We’ve all been there: staring at a cluttered Google Drive, desperately scrolling through dozens of folders, or opening five different documents just to find that one specific detail about a project. It’s the digital equivalent of digging through a junk drawer, and it’s arguably one of the biggest productivity sinks of the modern workplace.
Google is finally trying to bridge that gap on mobile. After bringing AI-powered search overviews to the desktop earlier this year, the company is now rolling out the same functionality to the Google Drive apps on both Android and iOS.
The promise here is simple: stop manually searching and start asking. Instead of relying on keywords that might—or might not—pull up the right file, you can now interact with your Drive as if you were chatting with a colleague who has memorized every document you’ve ever uploaded. You can type in a natural, plain-English request like, “What’s the status of the Spring 2026 marketing plan?” and let Gemini do the heavy lifting.

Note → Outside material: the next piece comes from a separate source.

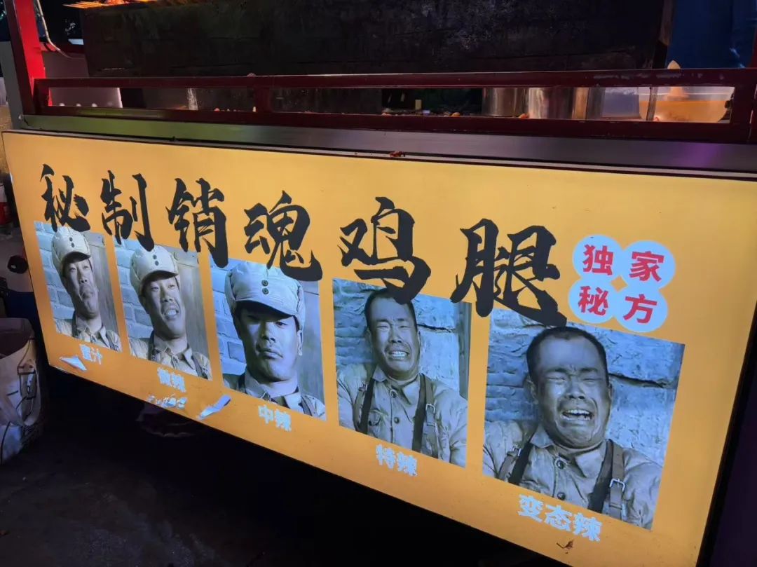 最讓硬糖君震驚的,還是在長沙賣榮昌滷鵝的地攤攤主們。其中有一個,還特意把文和友老闆和滷鵝哥的互動片段剪成鬼畜視頻,在攤位現場輪番播放,喜劇效果直接拉滿。路過的人都忍不住掏出手機,但掏錢買單的就寥寥無幾,生意那叫一個冷清。

The real value, at least for those of us juggling a million files at once, is the ability to synthesize information across multiple documents. Gemini won’t just dump a list of links at you; it acts as a filter, scanning through the relevant files to provide a coherent summary right at the top of your screen. It’s a bit like having an assistant who gathers all the scattered notes from your various folders, reads them, and gives you the “too long; didn’t read” version.
If you need to dig deeper, the feature doesn’t just stop at the initial summary. You can jump straight into a more detailed conversation with Ask Gemini with a single click, keeping the context of your previous search alive so you aren’t constantly starting over. You can also customize your search settings to tell Gemini exactly which parts of your Workspace—like Drive, Gmail, or Calendar—it should look at, ensuring that you’re pulling from the right data sources without having to wade through irrelevant info.

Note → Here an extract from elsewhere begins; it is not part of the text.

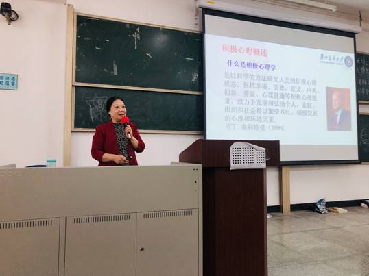 紧接着,周院长列举了国外两项关于“感恩”的研究,为同学们讲解了感恩的三个作用:一是提高幸福感、降低抑郁;二是增进社会关系;三是促进合作及亲社会行为。对于“乐观”的阐述,周英院长提到乐观有利于提高工作效率,做出正确决策,提高生活质量。

Of course, this isn’t a free-for-all for everyone. To access these features, you’ll need to have the necessary Workspace “smart features” enabled, and it’s currently available to users on specific business and enterprise plans, as well as those with individual Google AI Premium subscriptions.
It’s a natural next step in the ongoing “AI-ification” of our everyday tools. While we’re all still getting used to how much we can trust AI to synthesize our own work, the convenience of having your own internal search engine in your pocket is hard to deny. Over the next few weeks, as the feature rolls out in English and nearly 30 other languages, it might just turn out that the most useful app on your phone isn’t the one that manages your documents, but the one that finally explains what’s inside them.